Некоторое время он бродил по площадке перед проходной. Дни были жаркие. Улицы поселка были безлюдны, все прятались от жары. Кустарники и деревья, окружающие дома, выглядели усталыми, и листва, давно не получавшая влаги, имела тусклый, сероватый цвет. Мозгов вытирал белым платком лицо и посматривал по сторонам — не видно ли кого-нибудь из знакомых, взмахивал ручками, качал головой. Никого из знакомых не было, а впереди был длинный день. Тогда он обращал внимание на забор. В одном месте были выломаны несколько досок, и в дыру виднелся прокатный цех с фанерным закопченным щитом на фасаде.

— Забор сломали. Какие порядки! — возмущенно фыркал Давыд Савельевич. Потом взглядывал на трубу и снова бормотал: — Трубу надо ремонтировать… Кто этим будет заниматься? А она десятый год стоит.

И покачивал озабоченно головой.

Он медленно брел вдоль забора и незаметно для самого себя оказывался возле насыпи. В этом месте, у насыпи, кончался заводской забор и можно было свободно пройти к деревянной запруде, а оттуда спуститься и на заводскую площадку. Неудержимая сила влекла его сюда.

Он поднимался по насыпи, потом спускался к запруде и останавливался тут возле мальчишек, ловивших рыбу. Некоторое время он стоял молча, потом не выдерживал.

— Эх ты, хитрый-Митрий, — говорил он белокурому мальчишке с такими грязными ушами, что они казались рваными, — кто же так удочку забрасывает? Шлеп! А думает — поймал. Ее надо потихоньку забрасывать, чтобы грузило не шлепало. Рыба ведь пугается. Понимать надо!

Давыд Савельевич забирал у мальчишек удочку и показывал, как надо удить.

— Смотри, — говорил он, — видишь? Потихоньку, потихоньку. Вот теперь сразу клюнет.

Он опускался на корточки и сосредоточенно смотрел на зеленую воду и даже облизывался от нервного ожидания. Время шло, а рыба не клевала. Тогда Давыд Савельевич поднимал удочку и, посмотрев червяка, говорил презрительно:

— Черви тощие. Рыба на такой червяк внимания не обратит. Где таких червей накопал? Разве рыба на такого червяка клюнет?

— Черви не тощие, дедушка Давыд, это они в банке пожухли, — отвечал ему «хитрый-Митрий» и протягивал консервную банку, в которой копошились червяки.

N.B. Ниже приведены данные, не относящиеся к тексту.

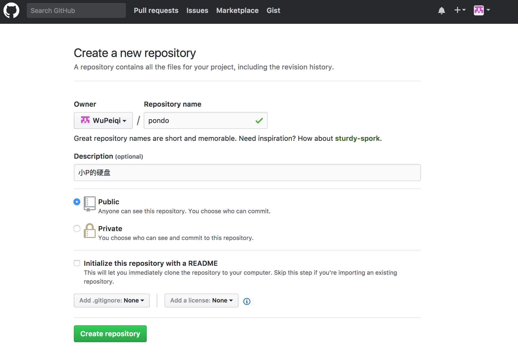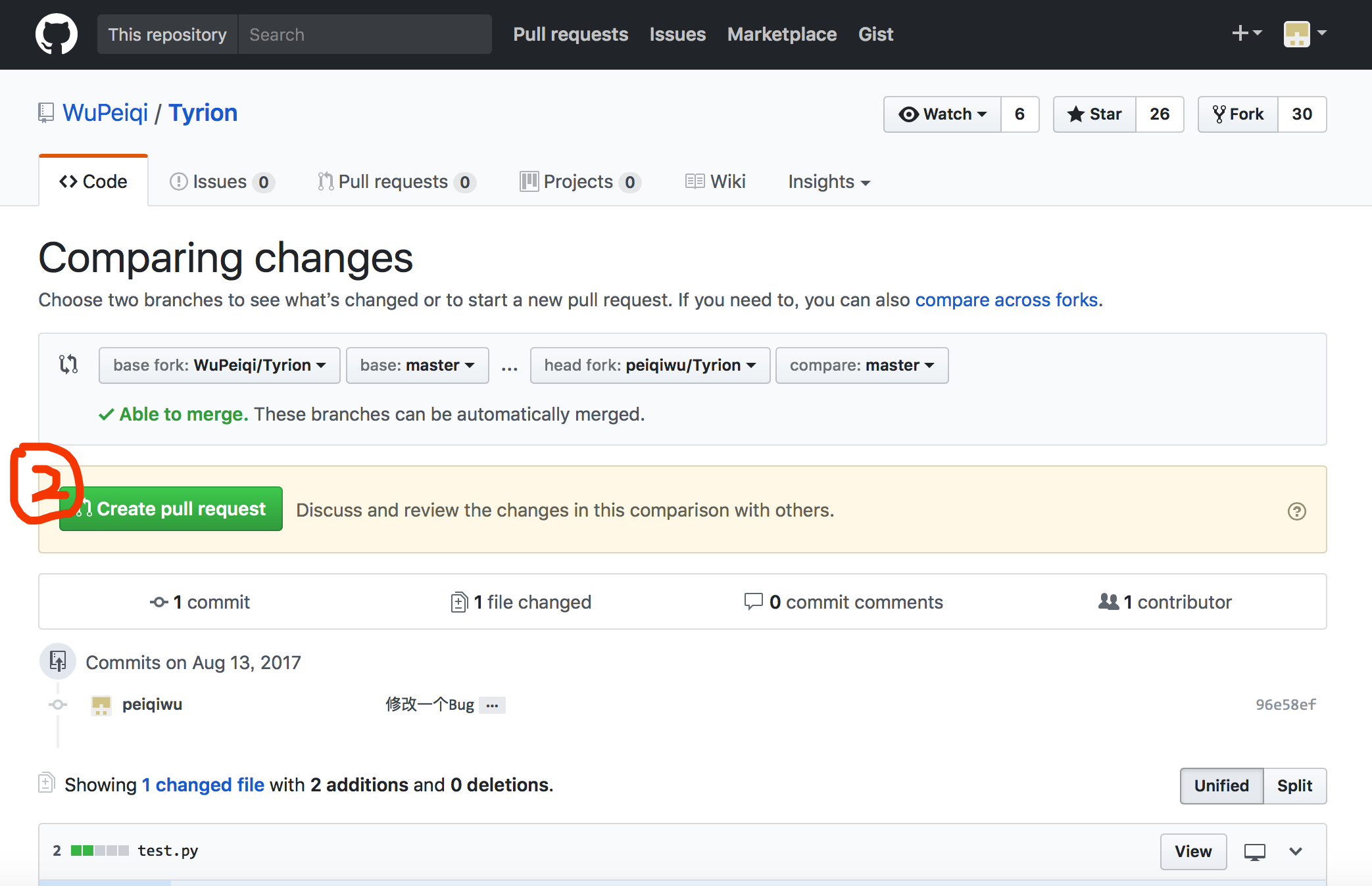 - 创建并提交一个pull request,然后等待原作者是否同意这个pull request,如果同意那么在作者的源代码中就推出现小P提交的功能

Давыд Савельевич покачал головой.

— Пожухли! Рыбак из тебя, я вижу…

И спускался с насыпи к заводу.

У входа в цех его окликал Гришка Трусов:

— Давыд Савельевич, ну, как она?

— Кто это она? — строго спрашивал Давыд Савельевич.

— Жизнь лучезарная! — отвечал Гришка и смеялся во весь рот.

Давыд Савельевич не любил этого непочтительного парня и, не зная, как ему ответить, говорил:

— Все бы тебе зубы скалить. Скалозуб.

Трусов смеялся и подмигивал:

— Зашли бы поглядеть, как мы теперь ворочаем.

— А мне что? — отвечал Давыд Савельевич и косился на дверь цеха. В разбитые окна и открытую дверь ему видны были вспышки пламени в нагревательных печах и раскаленный пакет кровельного железа, который тащили рабочие к правильному молоту, и ему мучительно хотелось туда зайти, но он равнодушно пожимал плечами и возвращался к проходной будке.

Делать было нечего, с горя Давыд Савельевич присаживался на табуретку, и Илья Тарасович предлагал ему чаю.

Так они сидели, два старика, друг против друга, и пили чай. Быть может, Илья Тарасович думал о молодости или, наоборот, о старости, так как не все старики наедине с собой считают себя старыми. Давыд Савельевич закрывал на мгновенье глаза и ясно представлял себе, как рабочие кладут раскаленный пакет кровельного железа под правильный молот, как тяжелая чугунная баба на длинном деревянном молотище начинает клевать его, как сыплются во все стороны красные искры, как в тот момент, когда молот поднимается, бригада рабочих одним движением, несколько напоминающим то, какое делают гребцы на лодке, поворачивает на ломиках пакет. Никто не подает им никакой команды, никаких знаков, но как удивительно согласовано их движение! Секунда — и пакет подается в одну сторону, секунда — в другую.

И часто, когда Давыд Савельевич встречал своего зятя, Петю Турнаева, мальчишку, которого глубоко презирал, он оживлялся, щеки его розовели еще больше, и начинался разговор:

— Как у тебя дела, Петя? — спрашивал Давыд Савельевич, тыкая его в грудь. — Ты, я вижу, совсем директором стал. Важности на Магнитку хватит.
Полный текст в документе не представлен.